How does quanto calibrate torch functions?

huggingface / optimum-quanto

A pytorch quantization backend for optimum

Apache License 2.0

746 stars 55 forks source link

How does quanto calibrate torch functions? #152

Closed shuokay closed 4 months ago

shuokay commented 5 months ago

I have learned quanto calibrate ops in module forms by adding module hooks, but how about torch functions like torch.sigmoid, torch.elu, and torch.log etc? I think the output scale of torch.sigmoid could be directly evaluated similarly to quanto's approach with softmax. Additionally, torch.elu might be substituted with torch.nn.ELU. However, I'm uncertain how functions like torch.log, which are unbounded and lack explicit module forms will be calibrated within quanto.

dacorvo commented 5 months ago

It doesn't. Only the inputs/outputs of modules can be calibrated. I had a branch where I managed to calibrate around functions using a DispatchMode but it was a bit overkill since most of the time the next function does not accept quantized inputs, so instead I used it to deactivate the quantization of module outputs when they are not consumed by a compatible operation (streamline mode).

shuokay commented 5 months ago

@dacorvo Can you share the branch? Is it tracking_mode branch here: https://github.com/huggingface/quanto/tree/tracking_mode?

dacorvo commented 5 months ago

I can't find it: it was an earlier version of this, going in a different direction

dacorvo commented 5 months ago

And just to be clear, this is not something I plan to change in the near future: advanced dispatch is only required for activations, and for now the quantization of activations is not really required, since:

only operations using int8 activations can be accelerated,
in most transformers models int8 outputs are almost immediately dequantized because they are used in incompatible operations.

IMHO, only float8 activations are interesting, as they will be compatible with much more operations. But this will be usable only once we can use accelerated float8 operations.

shuokay commented 5 months ago

Hi @dacorvo,

I agree that fp8 is more promising compared to int8. However, fp8 is not generally accessible in the current. If I remember correctly, only Hopper and newer GPUs(H100, etc) support fp8 natively.

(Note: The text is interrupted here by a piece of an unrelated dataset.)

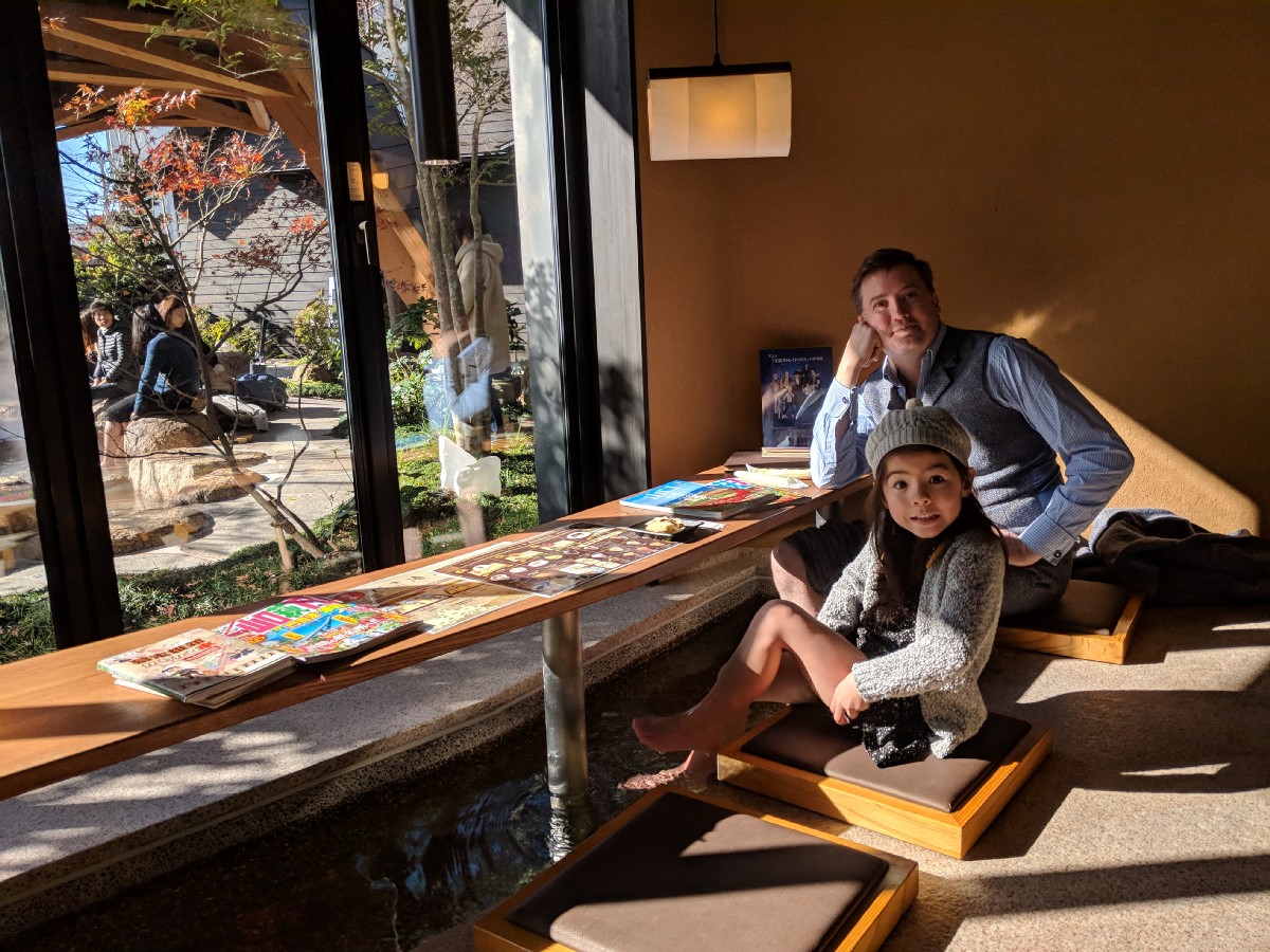 10:14:11 Milling around in the hotel foyer after checking out. | 10:14:16 | 10:44:19 Erika dabbling her feet in the very nice footspa cafe near the hotel. | 10:44:28 |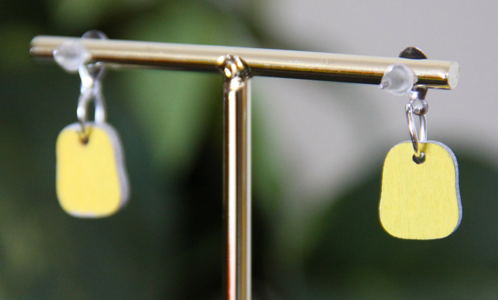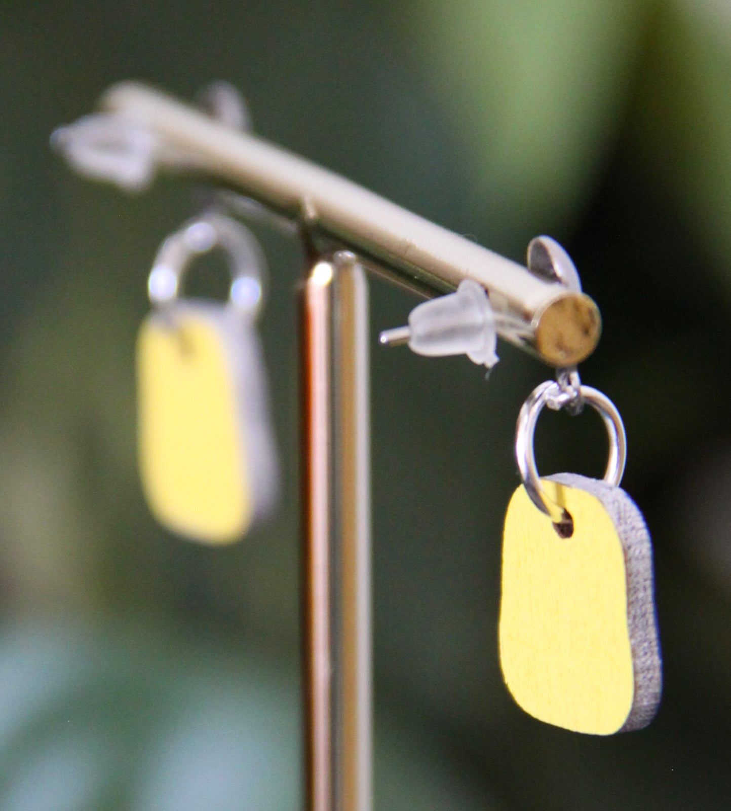 Light weight handmade earring with painted linear design. The blue and teal color creates a fun look. These earrings are artistically playful. The back side is painted bright yellow as to provide contrast. Edges are painted silver. These are fun 'little' addition to your daily wear!

What's more, let's consider NPUs (you can take NPU as one type of ASIC which is similar to nvdla(http://nvdla.org/), such as Qualcomm's SA8650), to the best of my knowledge, most of the computation power of NPUs is in int8 dtype, with only a very small amount of float computation power(It is so small that we always avoid using it when building models). Additionally, the performance bottleneck is usually bandwidth for neural networks, especially for Transformers, therefore, we should minimize data transfer as much as possible (i.e., avoid fallback).

In summary:

int8 remains the most important data type until fp8 is widely supported on NPUs
When building models, we should try to only use NPU-supported int8 operators and avoid falling back to float.
We should reduce data transfer due to the bandwidth bottleneck

So I think it is necessary to quantize activations

dacorvo commented 4 months ago

quanto is a pytorch quantization toolkit, producing pytorch quantized models to be deployed on hosts running pytorch. More, it is designed to immediately dequantize tensors whenever it reaches an operation that is incompatible with the underlying storage data type. For integer tensors, this means very few operations indeed (see under tensor/ops).

If you want to target NPUs, you can use quanto to obtain quantized weights, but you will never be able to replace in the pytorch graph the operations that are not compatible with integer arithmetics. There are other tools to do that, one of them being quantizeml, one of my previous projects (closed-source unfortunately).